(THE DATA)
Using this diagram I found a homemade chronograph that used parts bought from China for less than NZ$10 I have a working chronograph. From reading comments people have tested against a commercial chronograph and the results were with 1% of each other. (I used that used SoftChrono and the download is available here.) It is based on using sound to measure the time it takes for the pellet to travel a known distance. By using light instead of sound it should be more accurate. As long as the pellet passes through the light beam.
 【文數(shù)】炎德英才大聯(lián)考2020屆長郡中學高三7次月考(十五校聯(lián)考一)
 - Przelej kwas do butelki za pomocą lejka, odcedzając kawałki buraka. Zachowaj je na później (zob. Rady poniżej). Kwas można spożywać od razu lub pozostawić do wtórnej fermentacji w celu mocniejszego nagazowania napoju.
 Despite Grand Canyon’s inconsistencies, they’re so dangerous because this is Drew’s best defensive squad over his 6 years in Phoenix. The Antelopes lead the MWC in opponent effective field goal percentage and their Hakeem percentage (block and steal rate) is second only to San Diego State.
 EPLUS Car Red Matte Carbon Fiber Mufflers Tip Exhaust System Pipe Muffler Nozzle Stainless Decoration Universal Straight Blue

...

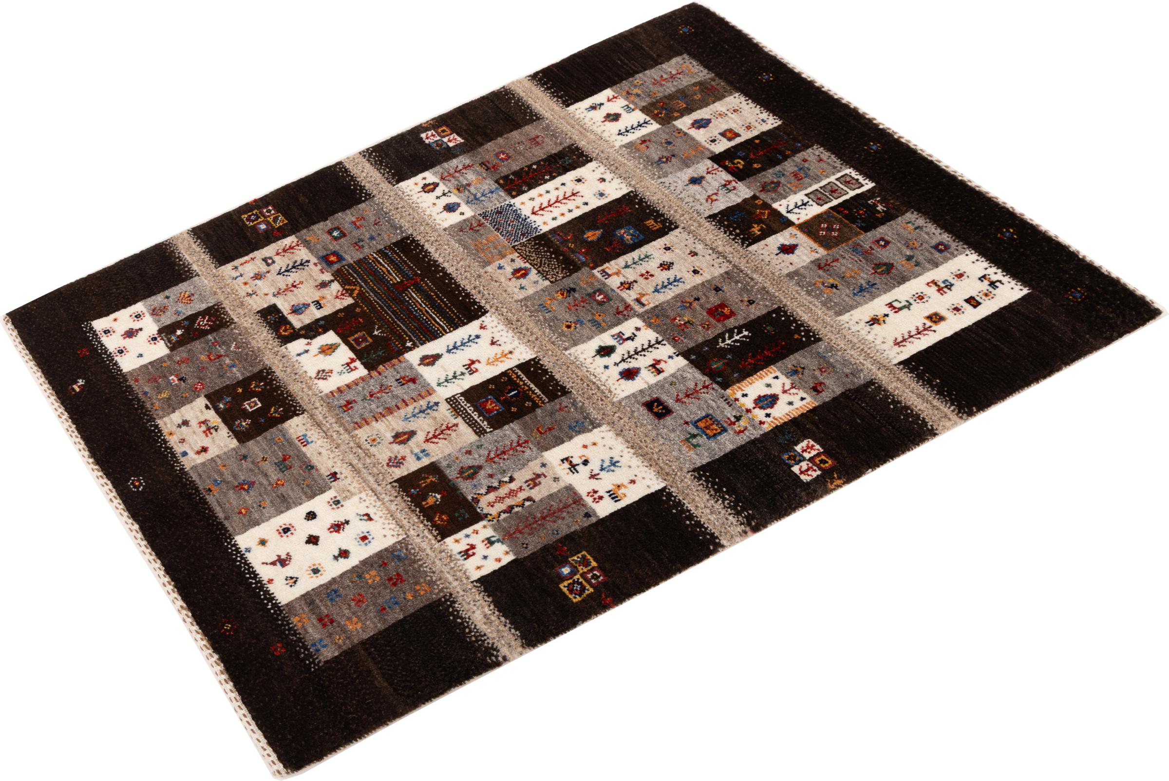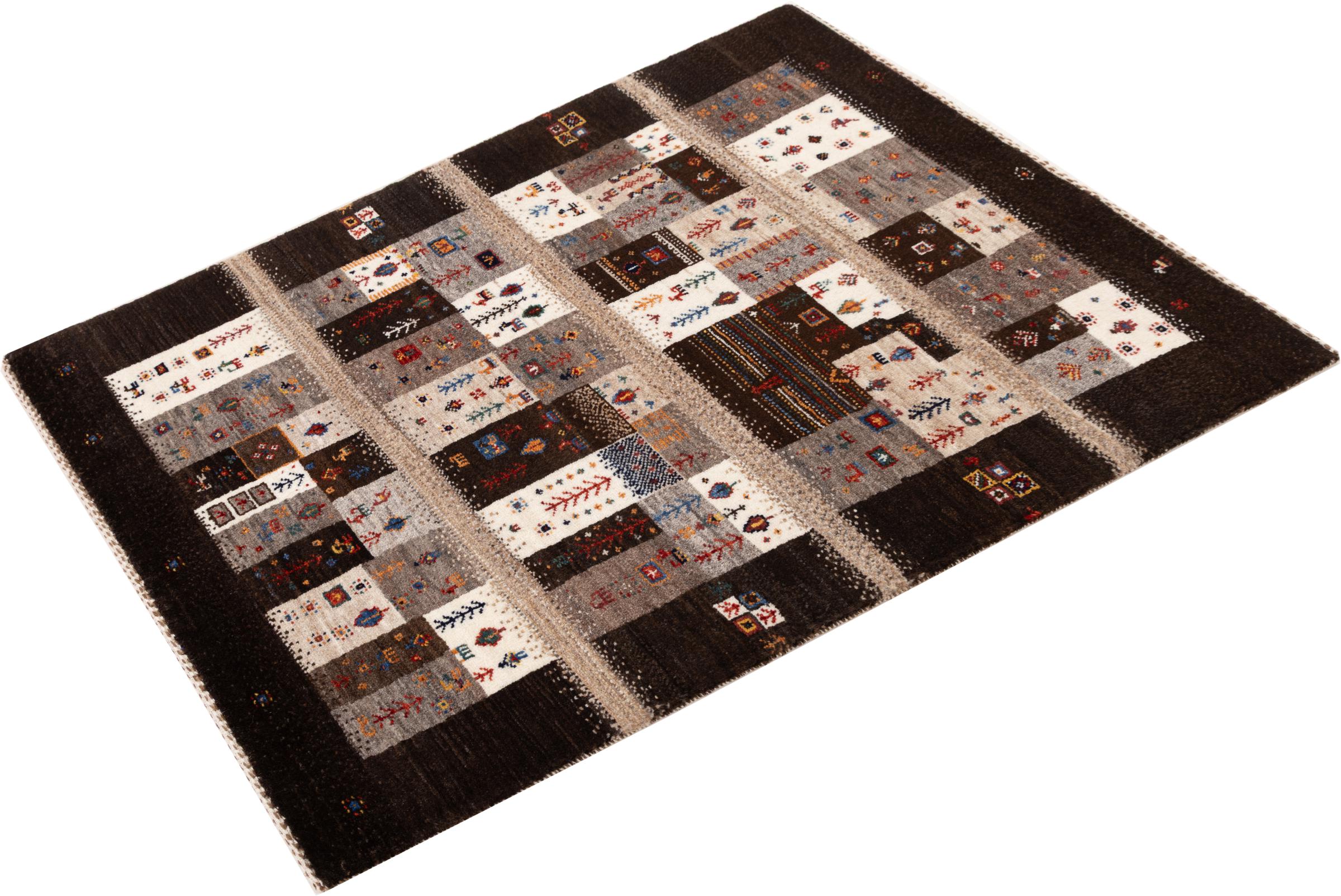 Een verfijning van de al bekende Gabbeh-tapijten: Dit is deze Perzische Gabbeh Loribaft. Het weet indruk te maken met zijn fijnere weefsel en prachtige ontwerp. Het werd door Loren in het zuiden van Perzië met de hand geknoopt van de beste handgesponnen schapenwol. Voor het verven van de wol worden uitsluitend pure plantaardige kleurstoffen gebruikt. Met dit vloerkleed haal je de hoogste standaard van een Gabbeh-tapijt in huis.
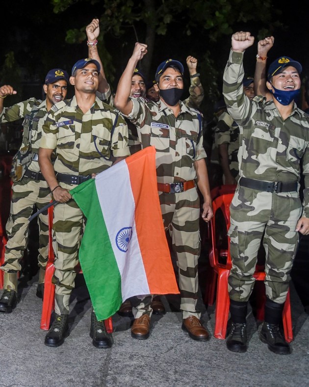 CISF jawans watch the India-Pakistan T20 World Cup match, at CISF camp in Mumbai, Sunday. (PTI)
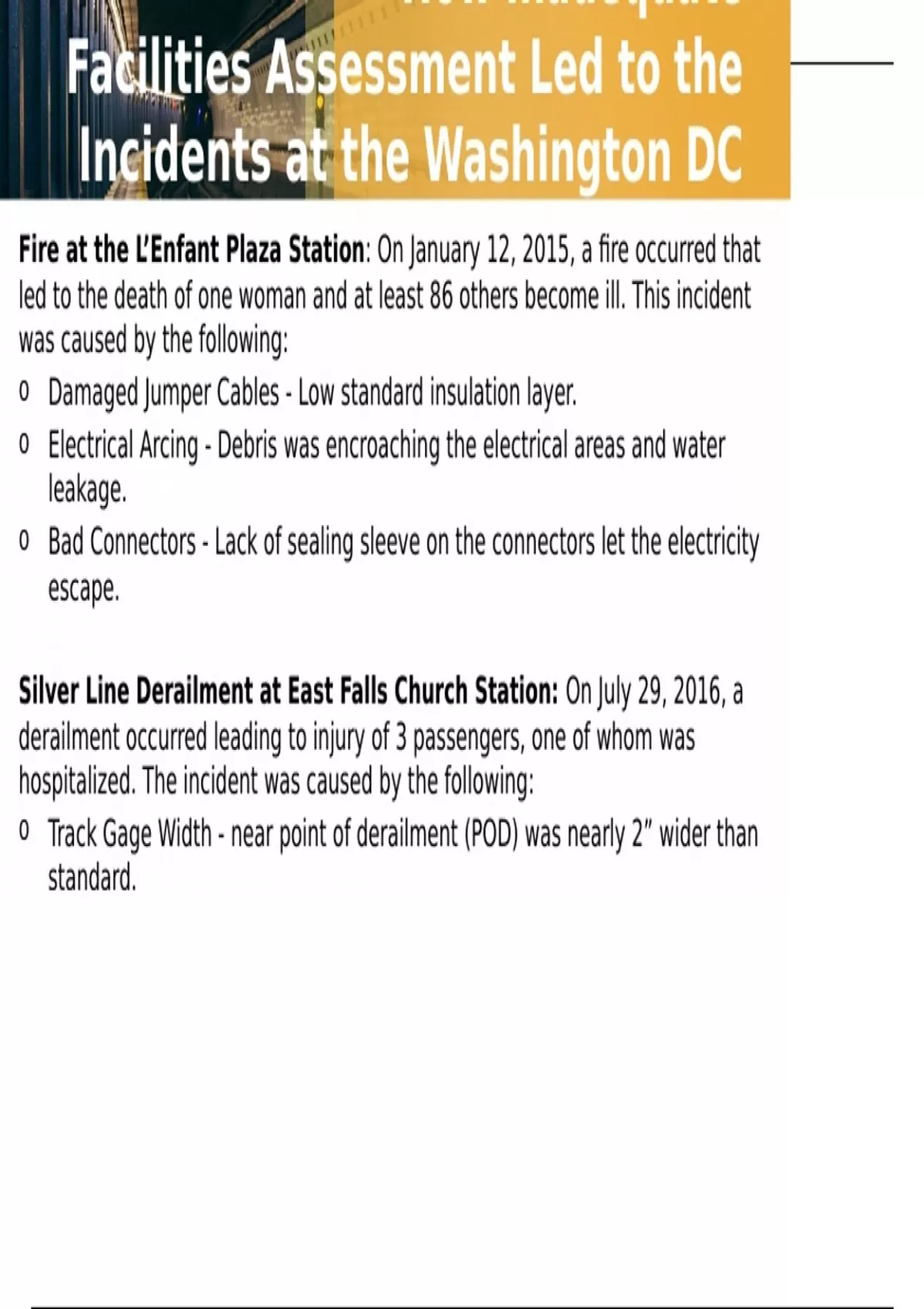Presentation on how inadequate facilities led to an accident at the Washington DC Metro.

...

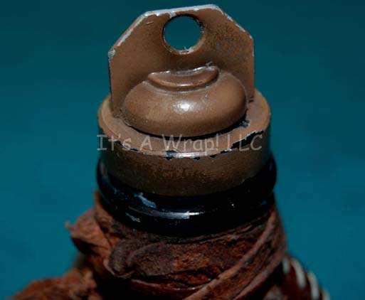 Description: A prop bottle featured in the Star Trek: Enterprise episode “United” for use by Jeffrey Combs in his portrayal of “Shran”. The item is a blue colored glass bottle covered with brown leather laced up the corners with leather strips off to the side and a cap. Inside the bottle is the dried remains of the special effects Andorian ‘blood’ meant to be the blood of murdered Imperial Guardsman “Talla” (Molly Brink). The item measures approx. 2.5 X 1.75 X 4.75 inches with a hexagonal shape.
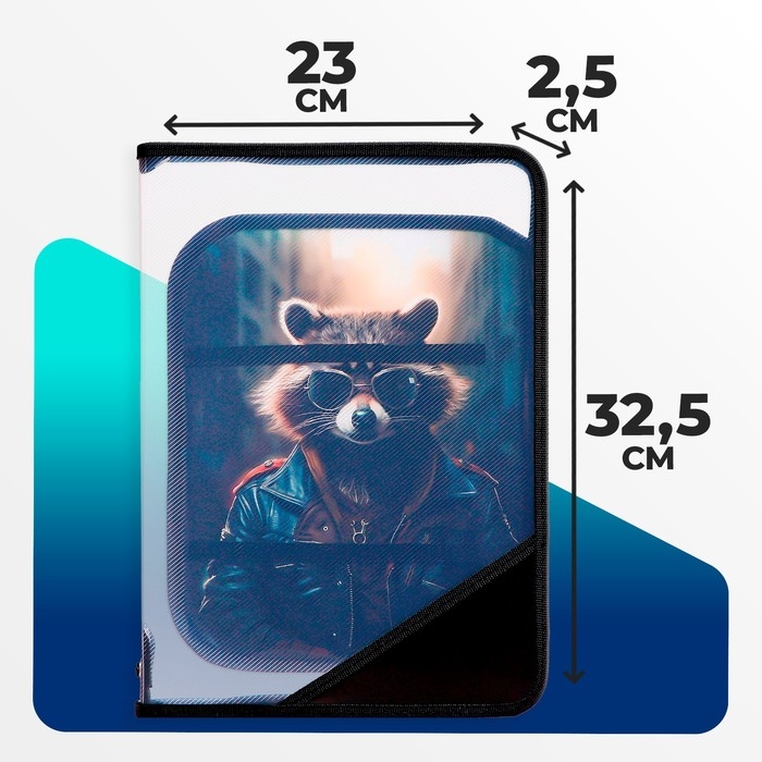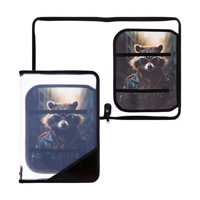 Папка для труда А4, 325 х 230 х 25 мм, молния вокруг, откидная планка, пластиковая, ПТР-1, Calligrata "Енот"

(WHAT YOU ARE ASKED TO DO) Only one stretch of the entries above is needed: the lines from the one containing "CISF jawans watch" through the one containing "Presentation on how". Copy it exactly, without the pictures.

(EXERCISE SOLUTION)
 CISF jawans watch the India-Pakistan T20 World Cup match, at CISF camp in Mumbai, Sunday. (PTI)
Presentation on how inadequate facilities led to an accident at the Washington DC Metro.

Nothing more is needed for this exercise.